The necessity of acting suddenly, without opportunity for deliberation, is a circumstance to be taken into consideration in determining what is ordinary care in that situation. In the case at bar, the court also gave the usual instruction on contributory negligence.

In the majority opinion it is said that the court should have instructed the jury on the last clear chance doctrine, although the defendant did not submit any instructions and did not assign its omission as one of the errors of the court.

Before the doctrine of last 'clear chance can apply, the party must have had a chance to avoid the collision, for the doctrine presupposes time for action. See 5 Am. Jur., Automobiles, § 490, p. 778; Diehm v. Dargaczewski, 135 Neb. 251, 280 N. W. 898.

After defendant had dashed out to pass the Carter car, and when his car went out of defendant’s control, what time for action did the plaintiff have to avoid a collision? I submit that under the evidence he had none.
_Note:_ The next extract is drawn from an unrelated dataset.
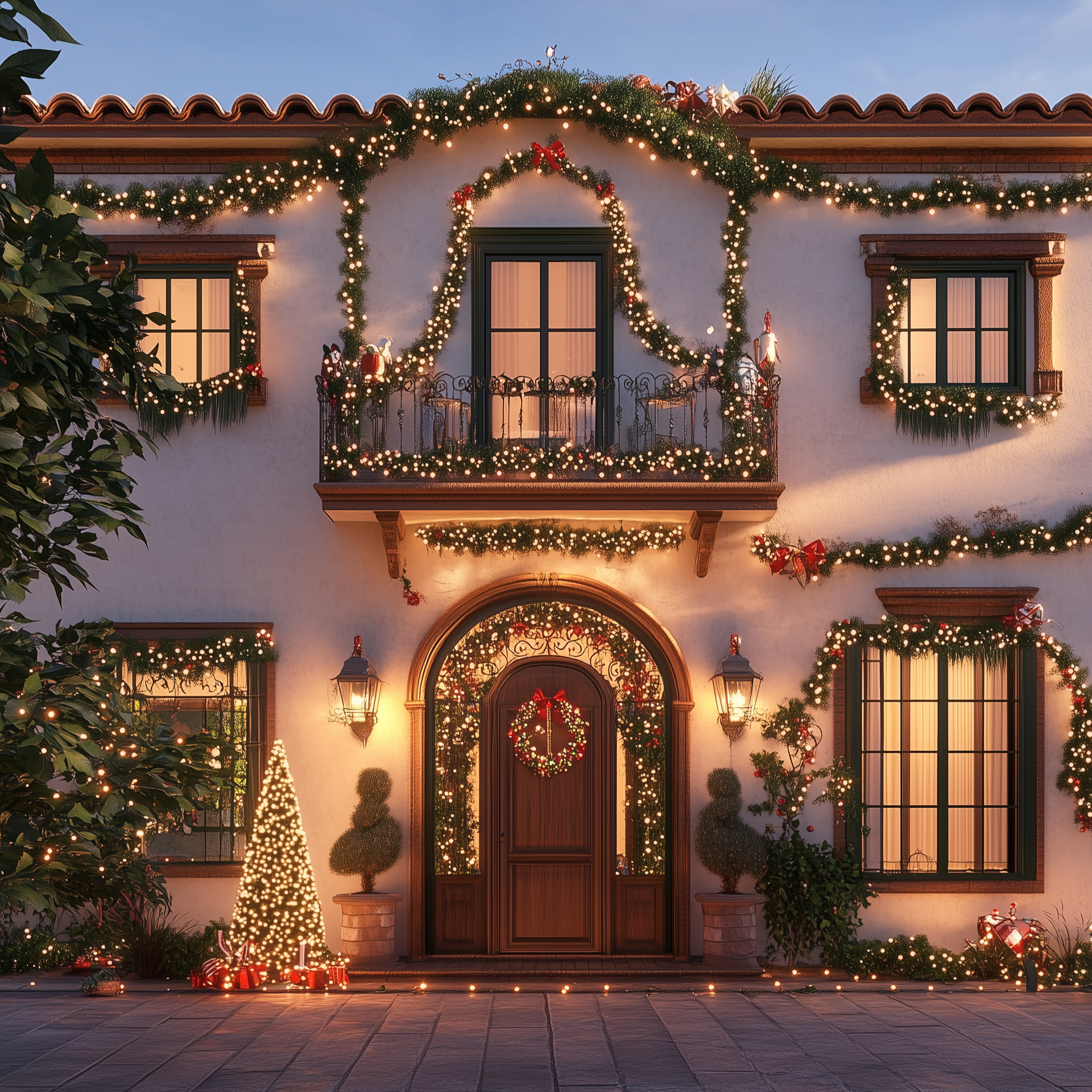 The image showcases a warm and inviting Latin house decorated for Christmas. Bright lights and green garlands adorn the windows, creating a festive atmosphere with a beautifully decorated Christmas tree visible inside.

There was no valid reason that I can see for giving an instruction on last clear chance in this case.

“It may be admitted that under the Constitution the right of trial by jury is guaranteed to all citizens. This right cannot be violated by a legislative act, or by judgment of the court, yet not all cases must be submitted to a jury. It is just as erroneous to submit a case to a jury, and permit the jury to speculate with the rights of a litigant, when no question for the jury is involved, as it is to deny to a citizen his trial by jury when he has that right. J. C. Penney Co. v. Robison, 128 Ohio St. 626, 193 N. E. 401, 100 A. L. R. 705.” Smith v. Epstein Realty Co., 133 Neb. 842, 277 N. W. 427.

The verdict of the jury and the judgment thereon' in *749this case are now sent back for a new júry trial, with all of the expense and delay that this incurs, and the court in a retrial is to submit the defendant’s claim of $172.75 for car repairs to a jury, when one jury has already decided this case for the plaintiff. In my own humble opinion, after holding district court in 31 counties in Nebraska, if a new jury should decide that the defendant’s cross-petition claim was valid the trial judge would have to set it aside, as there would be no evidence to support negligence on the part of the plaintiff.

In my opinion, the instructions in this case were much more favorable to the defendant than he was entitled to, the verdict was the only one that could have been reached, and the judgment entered thereon should have been affirmed.